## Provided material
↓

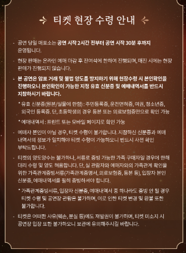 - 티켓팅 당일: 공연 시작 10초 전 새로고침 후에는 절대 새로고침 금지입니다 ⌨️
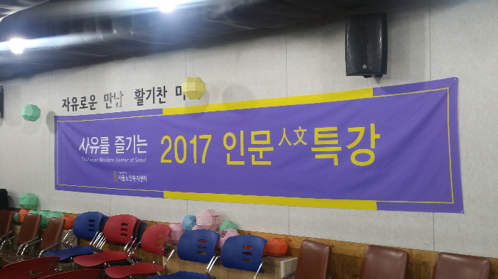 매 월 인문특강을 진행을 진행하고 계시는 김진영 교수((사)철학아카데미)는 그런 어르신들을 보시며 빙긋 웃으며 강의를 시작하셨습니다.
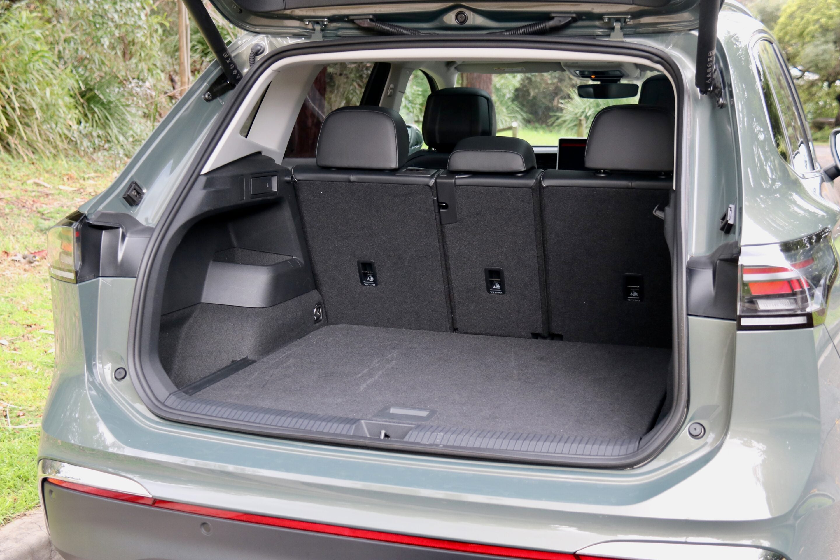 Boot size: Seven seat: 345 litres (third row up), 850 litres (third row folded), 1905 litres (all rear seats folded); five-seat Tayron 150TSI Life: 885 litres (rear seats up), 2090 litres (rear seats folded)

↑

## Work to complete
The listing above must be given again exactly, minus its pictures.

## Answer space
 - 티켓팅 당일: 공연 시작 10초 전 새로고침 후에는 절대 새로고침 금지입니다 ⌨️
 매 월 인문특강을 진행을 진행하고 계시는 김진영 교수((사)철학아카데미)는 그런 어르신들을 보시며 빙긋 웃으며 강의를 시작하셨습니다.
 Boot size: Seven seat: 345 litres (third row up), 850 litres (third row folded), 1905 litres (all rear seats folded); five-seat Tayron 150TSI Life: 885 litres (rear seats up), 2090 litres (rear seats folded)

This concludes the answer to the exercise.